Native Payment Splitting.
One customer payment, automatically split across multiple merchant wallets. Platform fees, payouts, commissions. Handled at the protocol level.
Marketplaces, platforms, and affiliate-driven operators move one customer payment to many parties: the platform fee to treasury, the operator payout to the merchant of record, commissions to affiliates or referral partners. On card rails this is a two-system problem. The processor batch-settles the gross amount to the platform on a T+2 to T+7 schedule, and the platform then redistributes through a second payout system: affiliate payouts on Net-30, operator payouts weekly by bank transfer, treasury sweeps monthly. Every leg adds its own reconciliation work (matching the payout ledger back to the original transactions), its own payout minimums and per-transfer fees, and its own failure modes when a bank rejects a transfer or an account changes. The error and dispute surface multiplies with every recipient. Generic crypto checkout does not fix this either: splitting a payment usually means sending multiple separate on-chain transfers, paying gas on each one, and trusting whoever runs the script to paste five wallet addresses correctly, every time.

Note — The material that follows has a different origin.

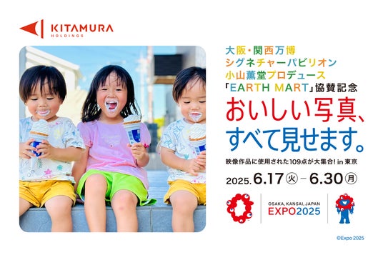 株式会社キタムラ・ホールディングス(本社:東京都新宿区、代表取締役 社長執行役員 CEO:福本 和宏)は、2025年6月17日(火)~2025年6月30日(月)の期間、 株式会社カメラのキタムラ 新宿 北村写真機店 地下1Fベースメントギャラリーにて、「大阪・関西万博シグネチャーパビリオン 小山薫堂プロデュース『EARTH MART』協賛記念 おいしい写真、すべて見せます。映像作品に採用された109点が大集合!in 東京」を開催いたします。この写真展では、EARTH MART内の映像作品に使用された109点の写真を一挙に展示する他、人気建築写真家 イケダ氏(https://www.instagram.com/casarchiphoto/?g=5)が撮影した開幕中の大阪・関西万博の様子やEARTH MARTのパビリオン内の写真を展示いたします。

PYMSTR splits a single payment across multiple wallets in one on-chain transaction. You set each recipient's amount when creating the payment through the API: the merchant amount plus the seller amounts must equal the total, and the amounts are locked in fiat terms at a fixed exchange rate the moment the customer initiates payment. The customer pays once. PYMSTR encodes every transfer into a single ERC-4337 smart-wallet transaction, so the split executes atomically: either every recipient is paid in the same confirmed transaction, or nothing moves. There is no batch to wait for, no second payout system to reconcile, and no partial state where the platform got paid but the affiliate did not. PYMSTR's 1% fee is deducted proportionally across all recipients, so a $100 payment split $30/$50/$20 settles as $29.70, $49.50, and $19.80, with the merchant share absorbing the rounding dust. Recipients are plain wallet addresses: sellers and partners do not need a PYMSTR account to get paid. Gas is abstracted through the smart-wallet flow, so nobody is juggling native gas tokens to receive their share.
Three steps, on-chain.
Configure splits via API
Set each recipient's wallet address and amount when creating the payment (e.g., $100 total: $30 merchant, $50 seller, $20 partner). Merchant amount plus seller amounts must equal the total.
Customer pays once
The customer makes a single payment. They see one amount, one transaction.
Funds split automatically
PYMSTR routes the stablecoins to each wallet according to your configured splits. All in one atomic transaction.
Ethereum
Base
Polygon
Arbitrum
BNB Smart Chain
| Rail | Split mechanics | Recipient payout timing | Reconciliation | Final by |
|---|---|---|---|---|
| Card platform payouts (processor + payout provider) | Processor settles gross to platform, platform redistributes via a second system | Net-7 to Net-30 per recipient | Manual ledger matching across two systems | Issuing-bank schedule + payout provider |
| ACH batch payouts | Separate ACH transfer per recipient, M-F NACHA windows | T+1 to T+3 per leg, no weekends | Per-transfer status tracking, returns possible for 60 days | NACHA windows + bank discretion |
| Custodial crypto PSP (CoinsPaid, B2BinPay) | Custodian splits on an internal ledger, then processes withdrawals | Hours to days at custodian discretion | Custodian ledger + withdrawal queue | Custodian operations |
| PYMSTR (non-custodial stablecoin) | One on-chain transaction pays every recipient atomically | Same confirmed transaction, 2-15 seconds, all recipients at once | One transaction hash is the ledger | ★ Final once the network confirms |
What you get.
Single Transaction
One customer payment splits into multiple payouts. No batching, no manual redistribution, no separate transactions.
Instant Distribution
All recipients receive their share the moment the payment confirms. No waiting for batch settlement.
Up to 5 Recipients
Split a single payment across up to 5 wallet addresses by default. Need more? We can accommodate up to 1,000 recipients on request.
Gas Efficient
One transaction instead of multiple transfers saves on gas costs and simplifies accounting.